● ASSIGNMENT:
What you produce should be the lines from the line containing "يرتدي فريق الزمالك" through the last line below, both ends included, reproduced exactly and without pictures.

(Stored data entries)
_ _ _ _
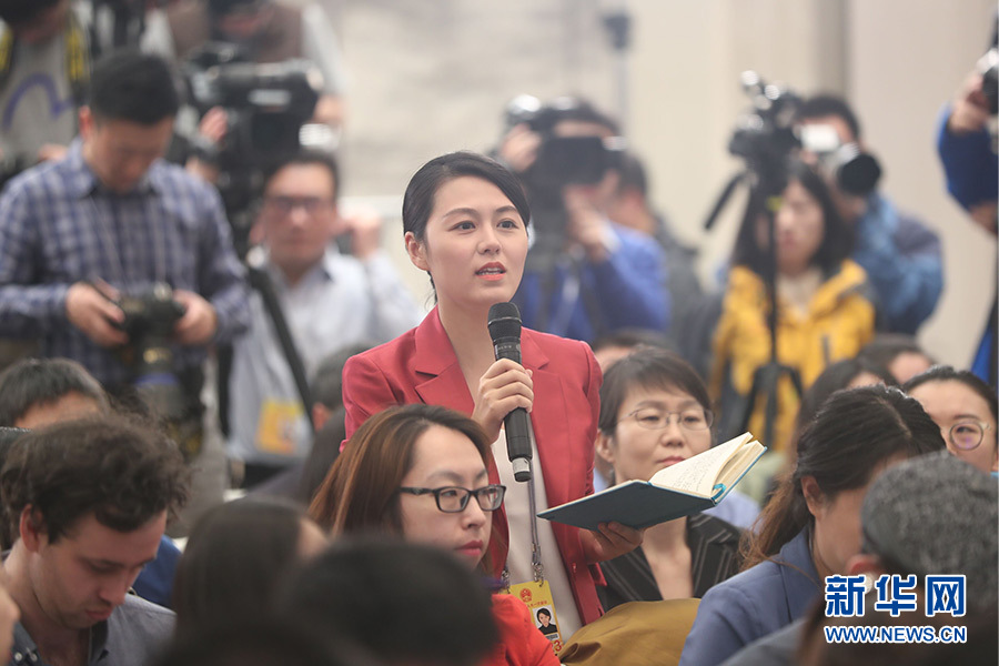 全國政協(xié)十三屆一次會議3月8日15:00在人民大會堂新聞發(fā)布廳舉行第二場記者會,邀請中央財經領導小組辦公室副主任楊偉民,中國進出口銀行董事長、黨委書記胡曉煉,農業(yè)部原副部長陳曉華,全國工商聯(lián)副主席、清華大學經濟管理學院院長錢穎一,中國中化集團有限公司黨組書記、董事長寧高寧就推動經濟高質量發(fā)展回答記者提問。圖為中央電視臺記者提問。新華網/中國政府網 翟子赫 攝
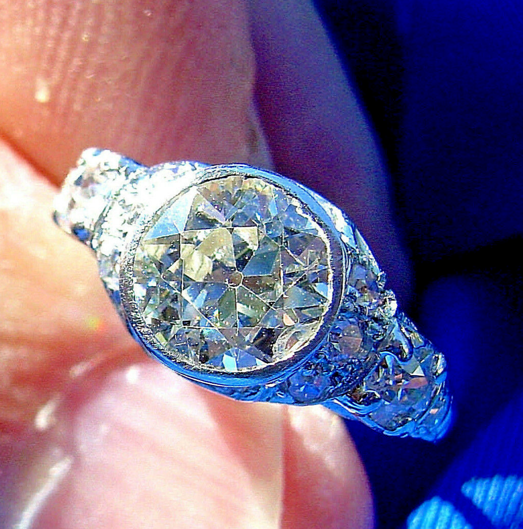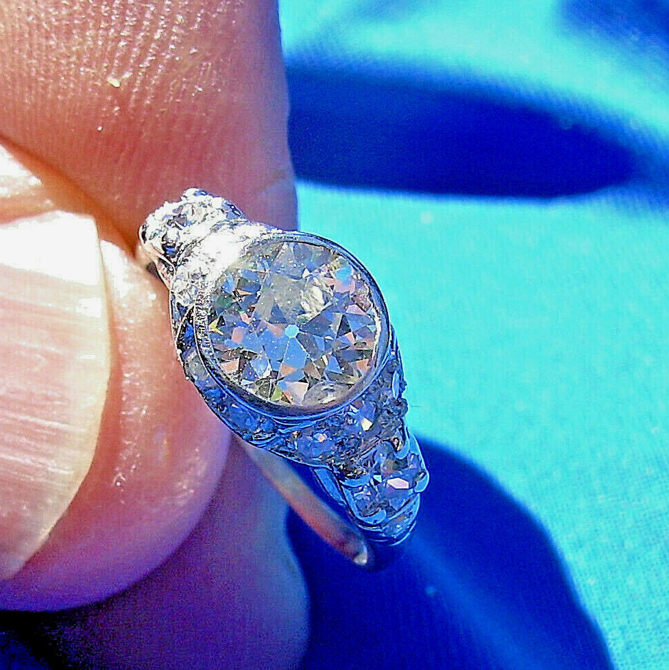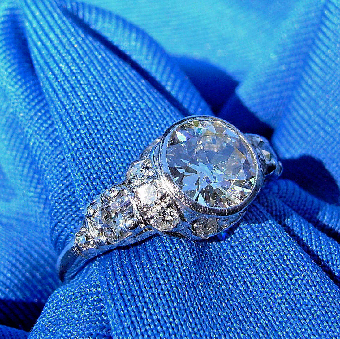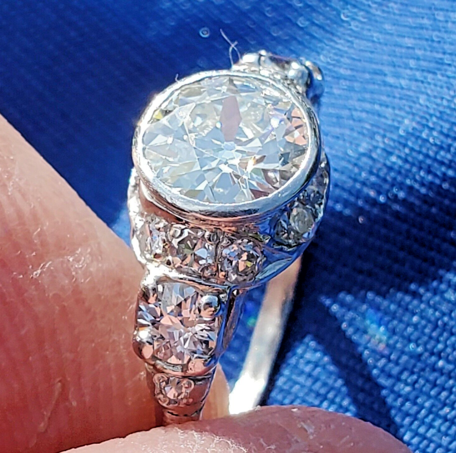 Earth Mined DIAMOND Deco Engagement Ring 1.58 carat Vintage Platinum Solitaire 5
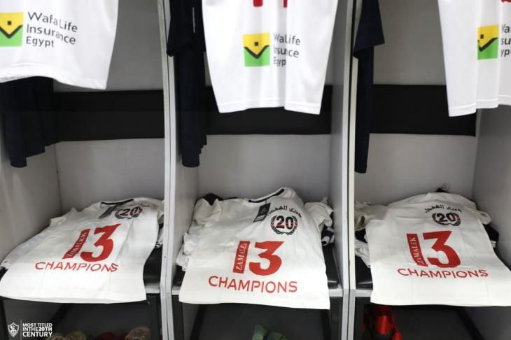 يرتدي فريق الزمالك قميصا خاصا للاحتفال ببطولة دوري we المصري خلال فترة الإحماء التي تسبق مواجهة البنك الأهلي في الجولة الأخيرة من المسابقة.
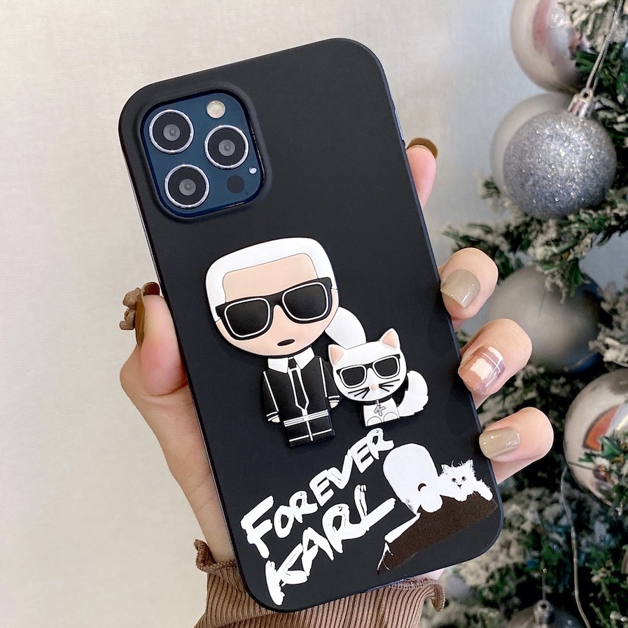 Луксозен гръб Karl Lagerfeld за Apple iPhone 12 / 12 Pro 6.1'' - Karl Forever & Cat / черен / тъмно синя рамка
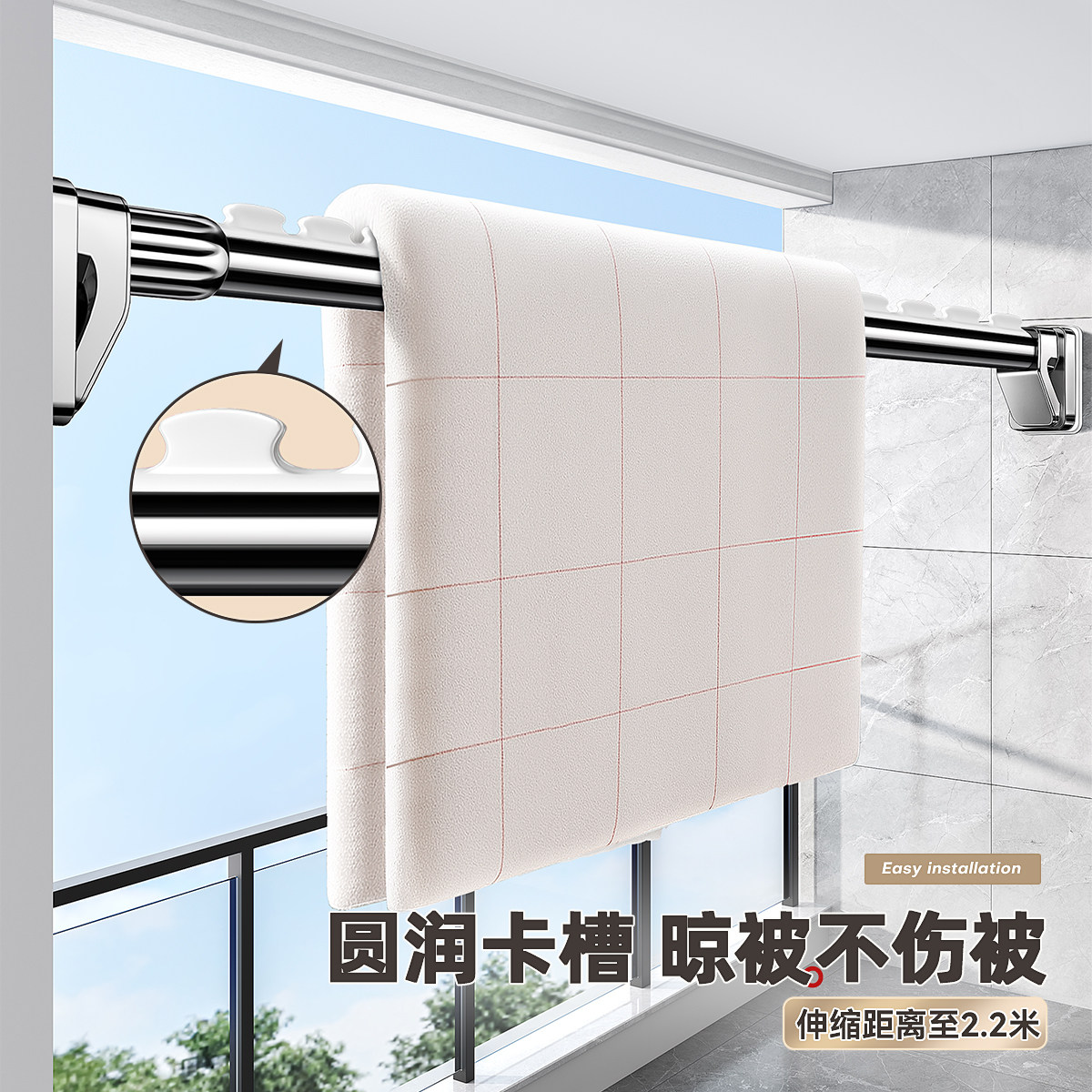 免打孔伸缩晾衣杆阳台固定不锈钢晾衣架防风浴帘杆卫生间墙上撑杆
_ _ _ _
● RESPONSE TO THE TASK:
 يرتدي فريق الزمالك قميصا خاصا للاحتفال ببطولة دوري we المصري خلال فترة الإحماء التي تسبق مواجهة البنك الأهلي في الجولة الأخيرة من المسابقة.
 Луксозен гръб Karl Lagerfeld за Apple iPhone 12 / 12 Pro 6.1'' - Karl Forever & Cat / черен / тъмно синя рамка
 免打孔伸缩晾衣杆阳台固定不锈钢晾衣架防风浴帘杆卫生间墙上撑杆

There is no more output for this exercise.